# GIVEN RECORDS

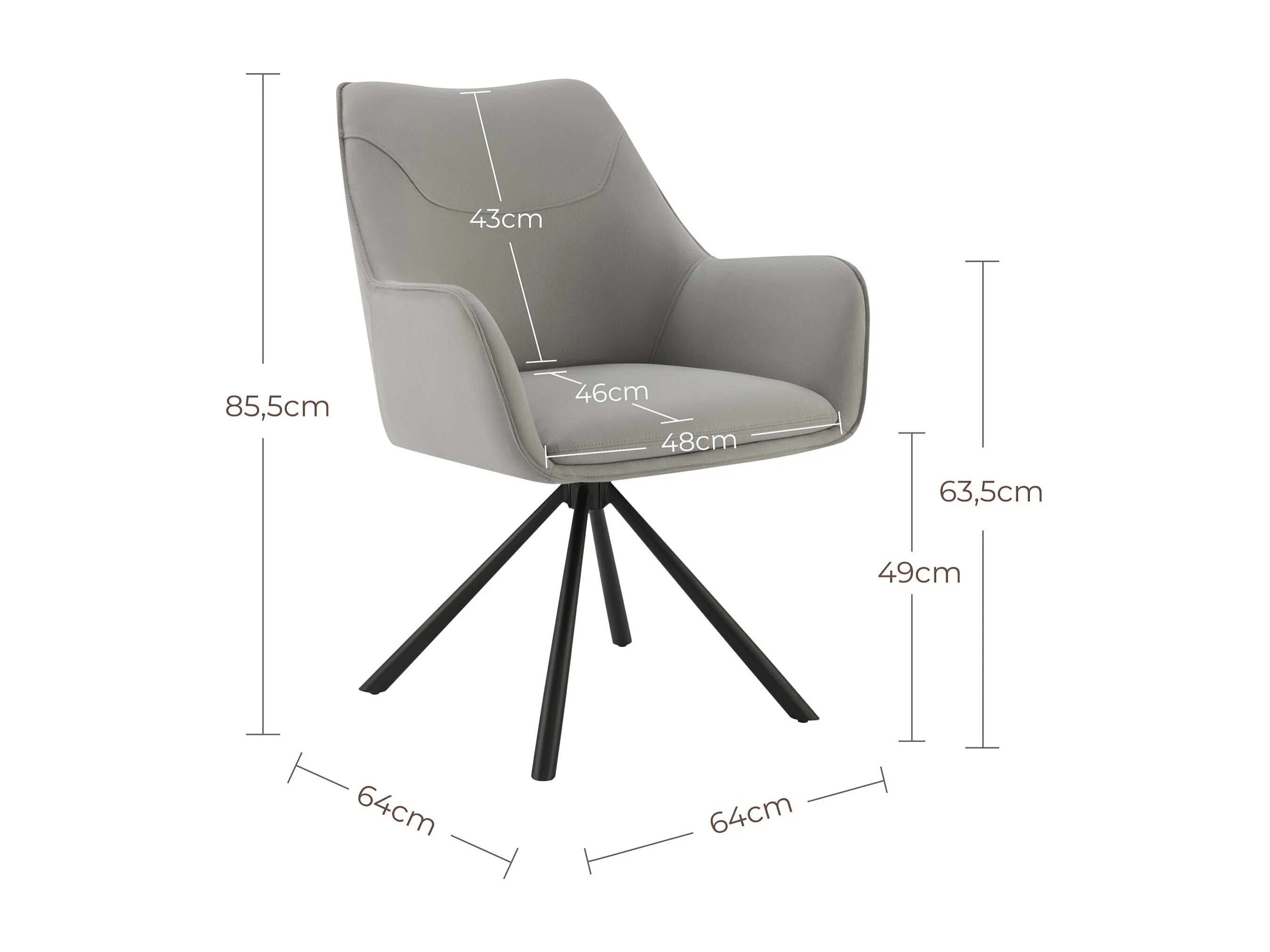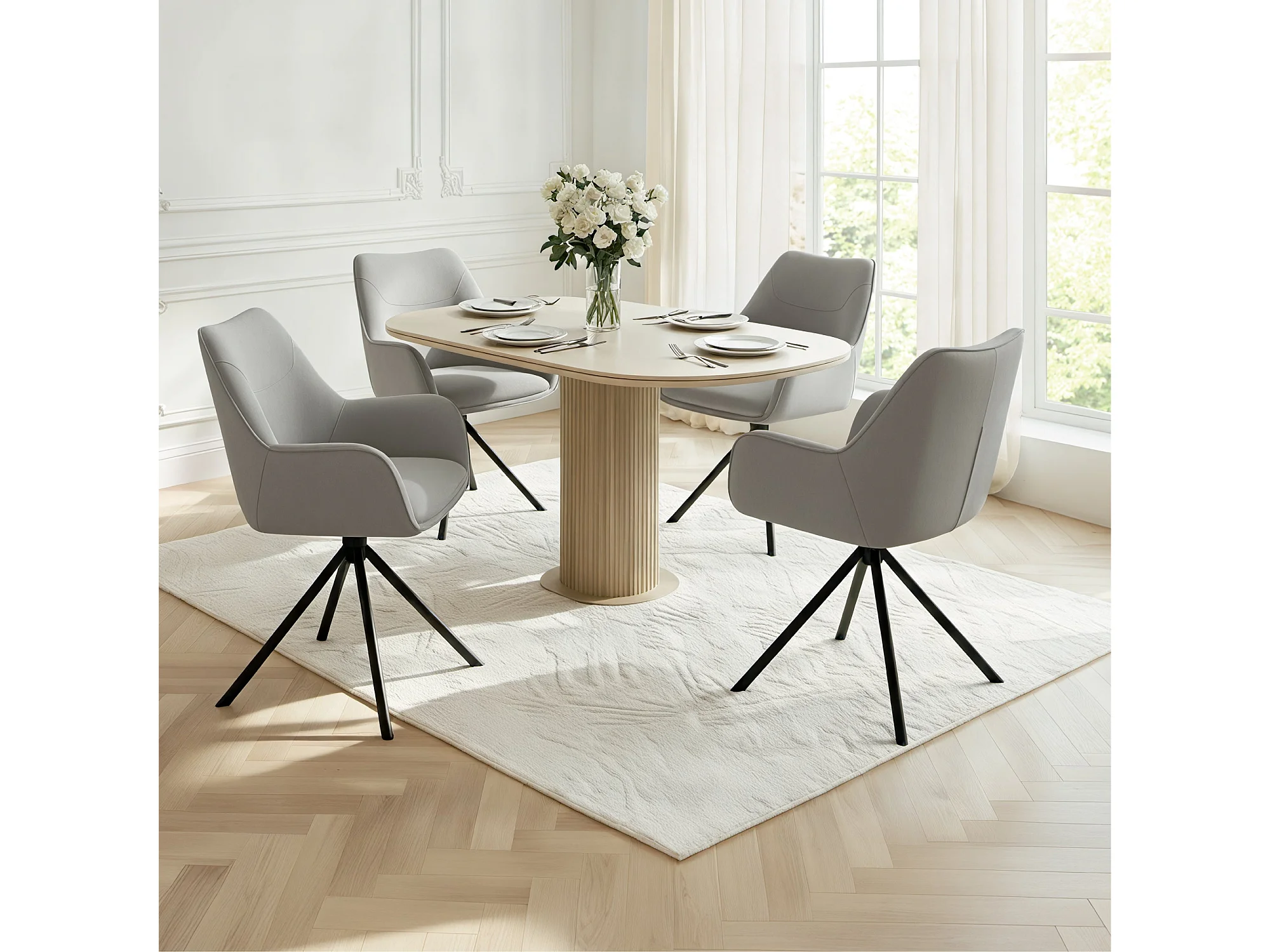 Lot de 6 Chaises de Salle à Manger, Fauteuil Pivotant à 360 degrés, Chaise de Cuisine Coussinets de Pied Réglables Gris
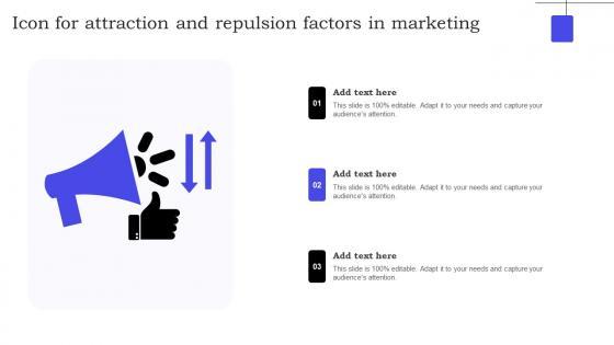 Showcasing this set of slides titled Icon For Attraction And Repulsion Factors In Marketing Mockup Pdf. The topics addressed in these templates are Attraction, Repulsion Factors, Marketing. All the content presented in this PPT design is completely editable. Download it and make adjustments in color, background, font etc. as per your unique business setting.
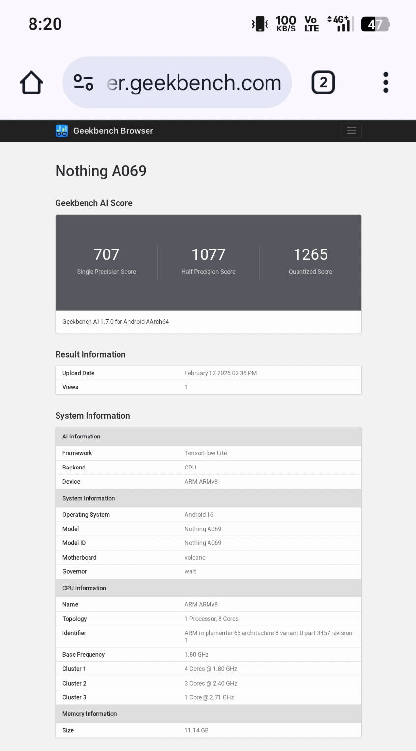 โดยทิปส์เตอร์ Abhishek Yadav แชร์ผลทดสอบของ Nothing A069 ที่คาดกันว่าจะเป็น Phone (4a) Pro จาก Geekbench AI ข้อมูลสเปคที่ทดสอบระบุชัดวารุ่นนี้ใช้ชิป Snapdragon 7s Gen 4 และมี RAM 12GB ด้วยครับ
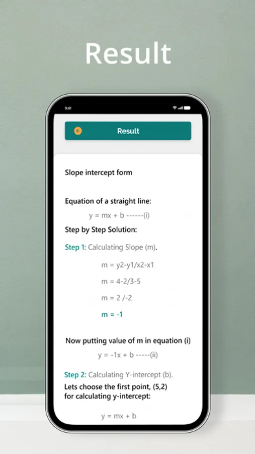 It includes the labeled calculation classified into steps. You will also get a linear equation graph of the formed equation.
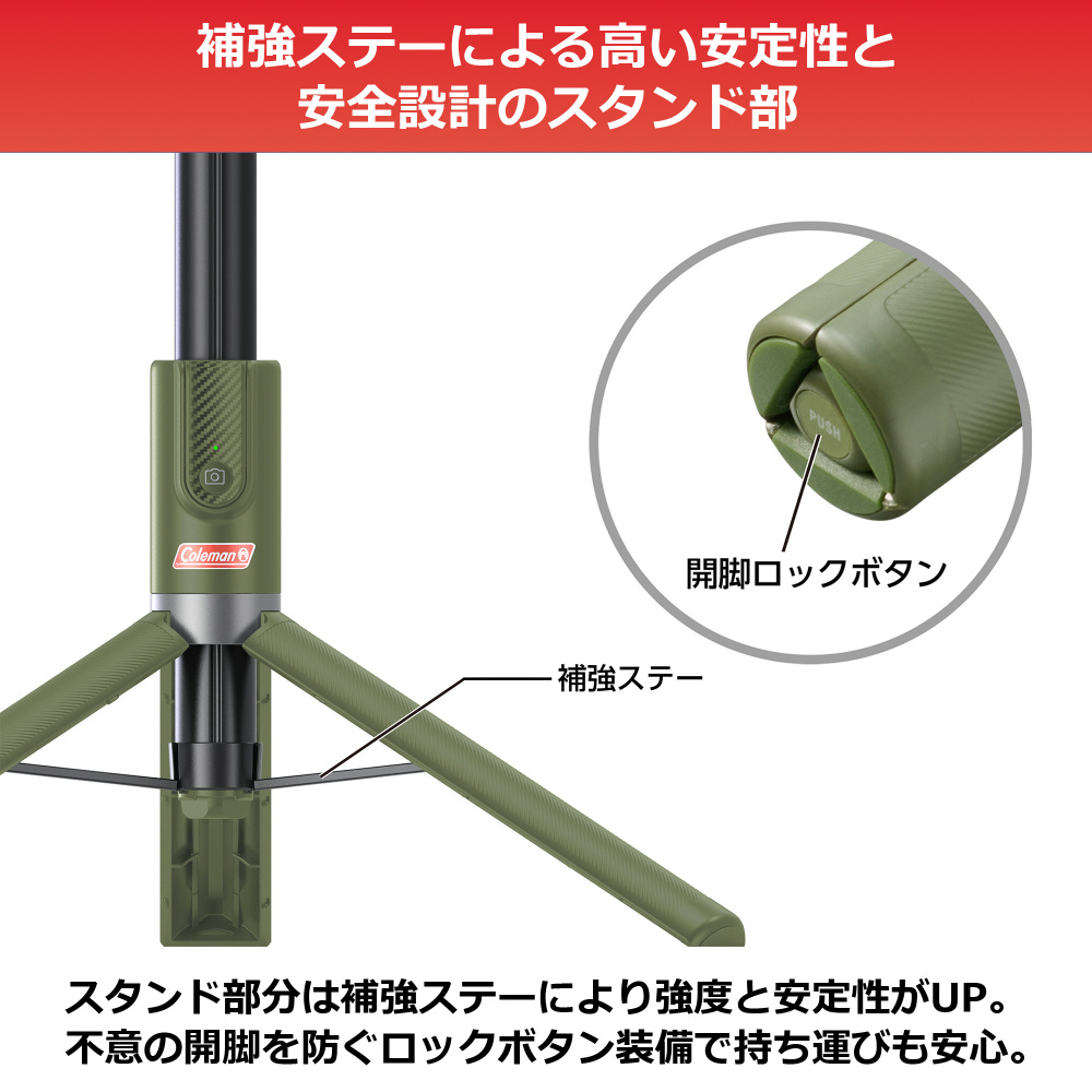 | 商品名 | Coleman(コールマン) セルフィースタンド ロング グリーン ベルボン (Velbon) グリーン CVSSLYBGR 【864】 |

# WORK INSTRUCTION
Your copy should match the entries exactly, minus the pictures.

# ANSWER TO THIS EXERCISE
 Lot de 6 Chaises de Salle à Manger, Fauteuil Pivotant à 360 degrés, Chaise de Cuisine Coussinets de Pied Réglables Gris
 Showcasing this set of slides titled Icon For Attraction And Repulsion Factors In Marketing Mockup Pdf. The topics addressed in these templates are Attraction, Repulsion Factors, Marketing. All the content presented in this PPT design is completely editable. Download it and make adjustments in color, background, font etc. as per your unique business setting.
 โดยทิปส์เตอร์ Abhishek Yadav แชร์ผลทดสอบของ Nothing A069 ที่คาดกันว่าจะเป็น Phone (4a) Pro จาก Geekbench AI ข้อมูลสเปคที่ทดสอบระบุชัดวารุ่นนี้ใช้ชิป Snapdragon 7s Gen 4 และมี RAM 12GB ด้วยครับ
 It includes the labeled calculation classified into steps. You will also get a linear equation graph of the formed equation.
 | 商品名 | Coleman(コールマン) セルフィースタンド ロング グリーン ベルボン (Velbon) グリーン CVSSLYBGR 【864】 |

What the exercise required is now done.